Venezuela has not expressed its view on Syria’s use of cluster munitions, which has been widely condemned.

Venezuela is a State Party to the Mine Ban Treaty. It is also party to the CCW.

Use, production, transfer, and stockpiling

Venezuela is not known to have used, produced, or exported cluster munitions.

Venezuela was not known to have imported or stockpiled cluster munitions until an August 2011 statement by the Ministry of the Popular Power for the Defense of Venezuela announcing the destruction of cluster munitions belonging to the Air Force of Venezuela.[3] According to the statement, the stockpile destruction was undertaken at Fort Caribbean in El Pao, Cojedes as part of “Operation Bachaco” to destroy surplus ammunition and ordnance. According to a Ministry of Defense spokesperson, the ordnance destroyed included Israeli-made AS TAL-1 cluster bombs, acquired for use with F-16A fighter aircraft. The number of cluster munitions destroyed was not reported.

It is not clear if Venezuela has other stockpiles of TAL-1 cluster bombs or other cluster munitions. The Stockholm International Peace Research Institute has reported that Israel exported the LAR-160 surface-to-surface rocket system to Venezuela, but it is not known if ammunition containing submunitions was included in the deal.[4]

 



[1] Statement of Venezuela, Convention on Conventional Weapons Fourth Review Conference, Geneva, 24 November 2011. Notes by Action on Armed Violence.

[2] For more information on Venezuela’s policy and practice regarding cluster munitions through early 2010, see ICBL, Cluster Munition Monitor 2010 (Ottawa: Mines Action Canada, October 2010), pp. 267–268.

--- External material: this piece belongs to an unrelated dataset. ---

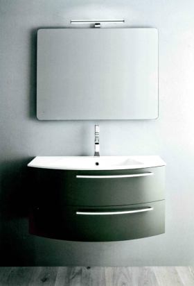 Mobile sospeso curvo, completo e versatile, pensato per sfruttare al meglio gli spazi ridotti, proposto in 3 diverse finiture di legno melaminico (Pino Grigio, Quercia Vintage 1 e Quercia Vintage 2) e in 39 colori laccati opachi o lucidi (vedi sezione Finiture), composto da 2 cassetti estraibili con maniglia "R" curva cromata e chiusura ammortizzata, top in resina lucida Tecnoblu Plano con ampio lavabo integrato spessore 1,2 cm. (vedi scheda lavabo resina) oppure top in Pietrablu Trendy ad effetto pietra, composto da minerali e resine con lavabo integrato (vedi scheda lavabo Trendy), spessore 1,8 cm., resistente al pari della pietra, resistente agli sbalzi termici e ai raggi UV, antibatterico, resistente alle macchie, setoso al tatto, inalterabile nel tempo. Disponibile in 6 finiture ( bianco, ghiaia, cappuccino, cacao, cemento e antracite ). Ottimo in abbinamento nel bagno al piatto doccia Trendy. La scocca e i frontali sono realizzati in conglomerato ecologico di legno idrorepellente V70 classe E1, atossico e a basso contenuto di formaldeide. I cassetti sono in multistrato di betulla, dotati di guide metalliche "tipo quadro" con sistema di rientro assistito e con possibilità di regolazione. Misure disponibili basi : LxPxH, 70x36/50x48, 95x36/50x48 e 105x36/50x48 cm.. Non completi di specchiera, miscelatore e piletta, completo di sifone. Selezionare il prodotto delle misure e finiture desiderate e prima di concludere l' ordine indicare nell' apposito spazio "informazioni aggiuntive sui prodotti" il colore scelto, sia per il mobile che per il piano Trendy, visibile sulle finiture colori colori o melaminici. Il trasporto si intende standard, per esigenze particolari ( consegna al piano, consegna su appuntamento...) contattare il servizio clienti per un preventivo.

[3]The Ministry of Defense of Venezuela destroys cluster bombs” (“El Ministerio de la Defensa de Venezuela destruye bombas de racimo”), Infodefensa.com, 26 August 2011.

[4] Stockholm International Peace Research Institute, “Arms Transfers Database.” Recipient report for Israel for the period 1950–2011, generated on 6 June 2012. Chile has reported once possessing the LAR-160 rocket systems with warheads that contain submunitions.